GONE are the days of naughty seaside postcards and a hastily scrawled “wish you were here.”

Richard Cornwell

GONE are the days of naughty seaside postcards and a hastily scrawled “wish you were here.”

Today friends and family of holidaymakers to Felixstowe can really see what they are missing with a new DVD postcard.

Instead of trying to read tiny handwriting squeezed onto the back of a cardboard post card, which more often than not has a Royal Mail frank printed over it, people can now sit down to a 30 minute film.

Shops in the town are stocking the DVD postcard alongside the more traditional cardboard ones.

The disc has been filmed by Dave Alligan who wanted to promote the town further afield.

He said: “I thought we ought to have a modern way of saying to friends and family 'wish you were here' and thought a DVD postcard was a great way of doing that.

“A lot of people still buy postcards but the photos are often very old now and they really need updating and they don't say very much about a place.

“Whenever I tell people I come from Felixstowe, they always say, 'oh, the port'.

“I wanted to show people there is more to Felixstowe than a port - that we are a town with lots of attractions and lovely areas and a great seafront.”

It took Mr Alligan, of Brackley Close, Felixstowe, about a year to put the DVD together - filming all aspects of the resort and then editing it.
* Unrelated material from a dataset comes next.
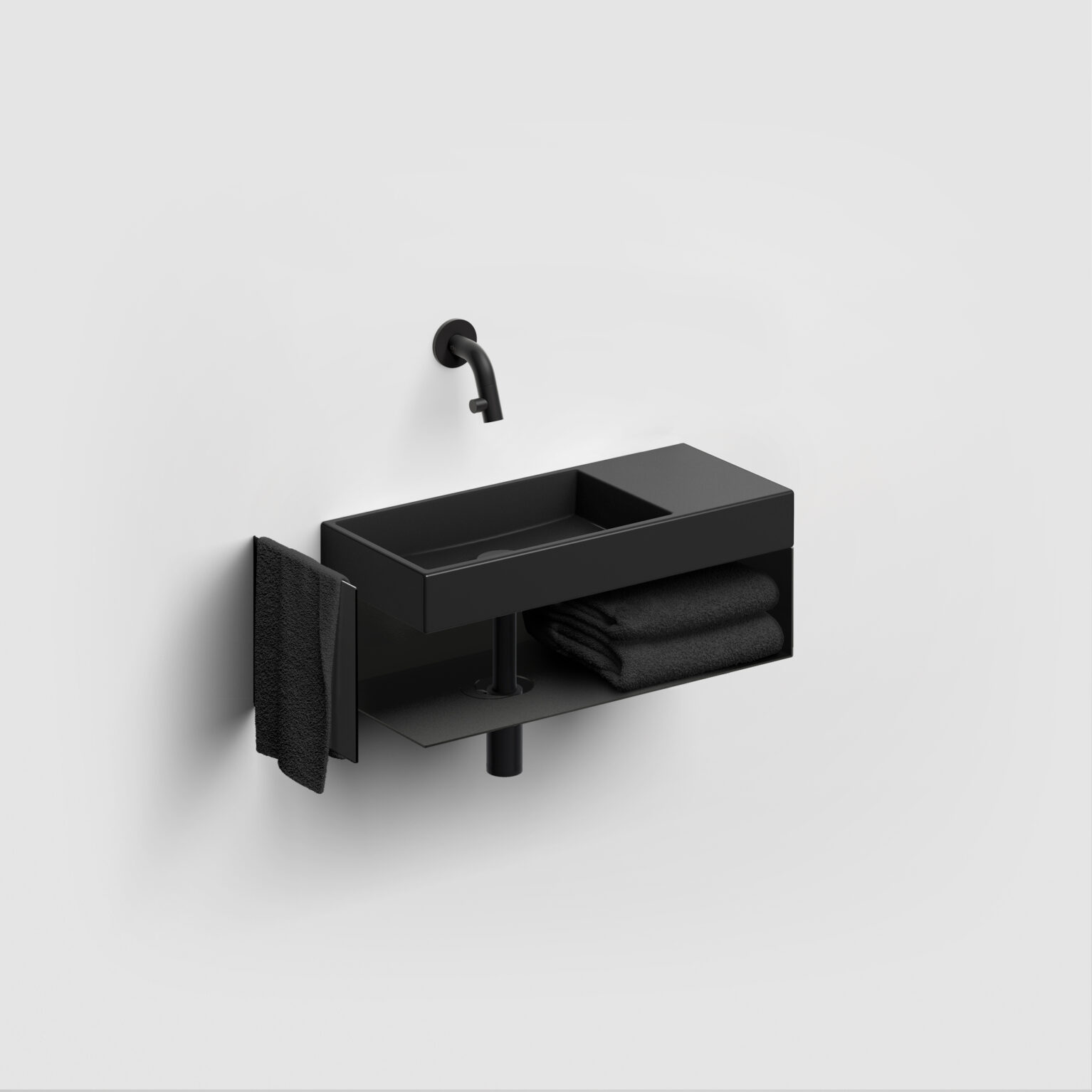 Offenen Schrank mit Handtuchhalter für Mini Wash Me 45cm rechts / Vale 45cm rechts, Edelstahl schwarz pulverbeschichtet. Wandmontage. Befestigungssatz mit enthalten.
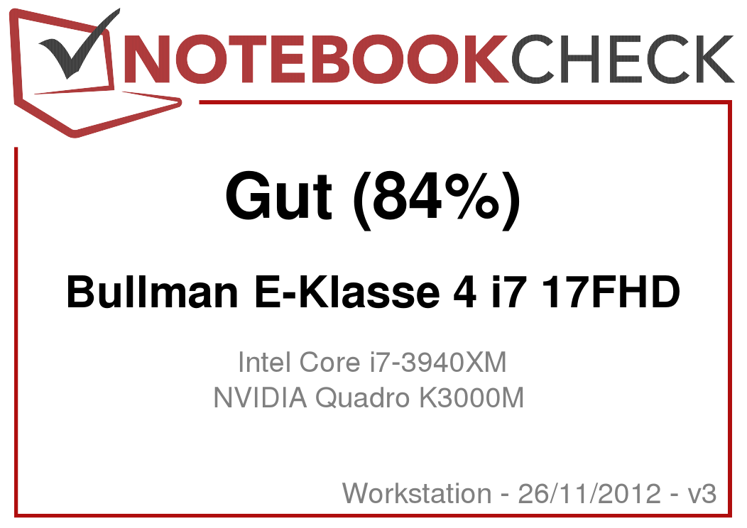 Unser von Bullman zusammengestelltes Testsystem verfügt über Intels Core i7-3940XM CPU, 32 GB RAM, Nvidia Quadro K3000M Grafik, 240 GB Solid State Drive und ein mattes Full-HD-Display. Der Preis liegt zum Testzeitpunkt bei 3.620 Euro und bewegt sich gemessen an der leistungsstarken Ausstattung im eher günstigen Workstation-Bereich.

He said: “A lot of it was waiting around for fine weather days to get nice blue skies, but some of the shots like inside the leisure centre and other places I needed to arrange with people and get permission to do, so it did take a bit of time.

“I am pleased with it and I think it is nicely self-contained - it covers all the town, not just the seafront, but Felixstowe Ferry and the countryside and town centre to give a real flavour of what people will find if they come to Felixstowe.

“I hope people will buy it and sent it like a postcard and it will really take off.”

Mr Alligan runs a company called Golden Memories Sound and Design, which specialises in transferring video, photos, film and vinyl records and cassettes onto DVDs and CDs, as well as web design and wedding videos.

Last year the company released a film called Felixstowe for Sun and Fun featuring old colour footage from the 1940s and 1950s.

- The postcard DVD is available from Treasure Chest, Magpie Books, The Card Centre, Peewit Caravan Park and Felixstowe Beach Holiday Park, in Felixstowe, cost £4.99.

- Would you like to receive a DVD postcard from family on holiday? Write to Your Letters, Evening Star, 30 Lower Brook Street, Ipswich, IP4 1AN, or e-mail EveningStarLetters@eveningstar.co.uk

FASTFACTS: Wish you were here . . . the old-fashioned way

- Sending postcards in Britain began in 1870 but it was not until 1894 when the Post Office gave the green light to their private publication for use through the mail that picture postcards started to became more common - usually seaside and city views.

- By 1902, cards had been published featuring the Boer War and royal events, and in that year, the Post Office allowed both address and message to be written on one side of the card, freeing up the whole of the other for the picture.

- From then on, postcards exploded in popularity - people bought them to keep as souvenirs as well as to send to friends, and postcards had their first golden era as collectables.

- After a period of decline, the postcard began to be regain popularity in the 1970s as an advertising and art item, and today has a high profile again in High Street shops, lifestyle bars and cafes, and entertainment venues.

WHEN Felixstowe was in its heyday and the railway was bringing 20,000 visitors a day at the height of the summer season, a postcard was as quick as an email - well, almost.

People arriving on an early morning train from Ipswich in the early years of the last century could quickly buy and write a card and pop it in the post to let family know they were there safely.

The resort had rolling postal collections at the time and often a postcard sent in the morning would be collected, sorted and whipped up to Ipswich by train.

People in the county town would often find cards posted that day in their third delivery of the day.